Starting pitcher Miles Mikolas (10–3, 2.65 ERA as of July 8) was picked to represent the Cardinals for the NL pitching staff in the 2018 All-Star Game on July 17 in Washington, D.C.'s Nationals Park. As he will be starting the Sunday (July 15) prior to the All-Star Game, so by the rules on starting pitchers who pitch that Sunday he will not pitch, taken off the official roster and replaced, but still be invited at Nationals Park for the festivities. This his first official All-Star Game. His wife suddenly went into labor, with twins, earlier than expected, prompting Mikolas to fly to his home in Jupiter, Florida from Washington, D.C., on Monday, July 16, and miss all the All-Star Game festivities.

Catcher Yadier Molina, 35 (36 on July 13) replaces Buster Posey on the July 17 All-Star Game roster, due to Posey's ailing hip. It will be the ninth time Molina has made an All-Star roster. This ties Bob Gibson and Albert Pujols, each of whom earned nine such selections as Cardinals. Only Joe Medwick (10), Red Schoendienst (10), Enos Slaughter (10), Ken Boyer (11), Ozzie Smith (14), and Stan Musial (24) had more. Since his first All-Star selection in 2009, Molina has been left off the NL roster only once. Molina is in the midst of his best offensive season since 2012, when he finished fourth in the NL Most Valuable Player vote. His .500 slugging percentage ranks second-best among NL catchers, and he's tied for the league lead among catchers with 13 home runs. He ranks fourth at his position in both batting average (.279) and RBIs (38).

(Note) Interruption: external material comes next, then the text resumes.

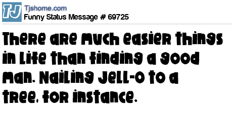 - # 18690 There are easier things in life than finding a good man... like nailing Jell-O to a tree, for instance.

Luke Gregerson (R) and Tyler Lyons (L) were activated from the DL on July 13. Gregerson missed 52 games, Lyons 31. Starter Luke Weaver and reliever John Brebbia were optioned. With off-days from the All-Star Game, the team won't need five starters until after the break. John Gant shifted from starter to bullpen.

After two consecutive lopsided home losses to the last-place in the Central Division Cincinnati Reds (43–52 .453) dropping the team to 47–46 (.505) in third place, now seven games behind the division leading Cubs (53–38 .582) and second place Milwaukee Brewers (55–42 .567) by six games, with the Pirates right behind them in fourth place at 47–49 (.490), the Cardinals dismissed manager Mike Matheny that July 14 (Saturday) night, the day before the final game before the All-Star break. Also dismissed were hitting coach John Mabry and assistant hitting coach Bill Mueller. Bench coach Mike Shildt will take over as interim manager. Matheny since his hiring, managed from 2012. His record after 1,065 games was 591–474 (.555). His record after the first four years was 375–273 (.579), but these last 2.57 years his record was only 216–201 (.518). The team leads all of MLB with a lowest .978 fielding average, and 75 errors (92 games; now 77, with 2 more in game 93), with the NL team average making 53 errors. The Cardinals announced on its Twitter account an 11am press conference Sunday morning to discuss the firings and further staff changes. At the news conference, chairman Bill DeWitt Jr. said, "it was time for a fresh voice and some new leadership" in dismissing Matheny, Mabry, and Mueller. Mark Budaska, 65, was announced as the new batting coach. Budaska was their hitting coach at AAA-Memphis for years. George Greer, 71, a hitting coordinator in the minors is the new hitting coach.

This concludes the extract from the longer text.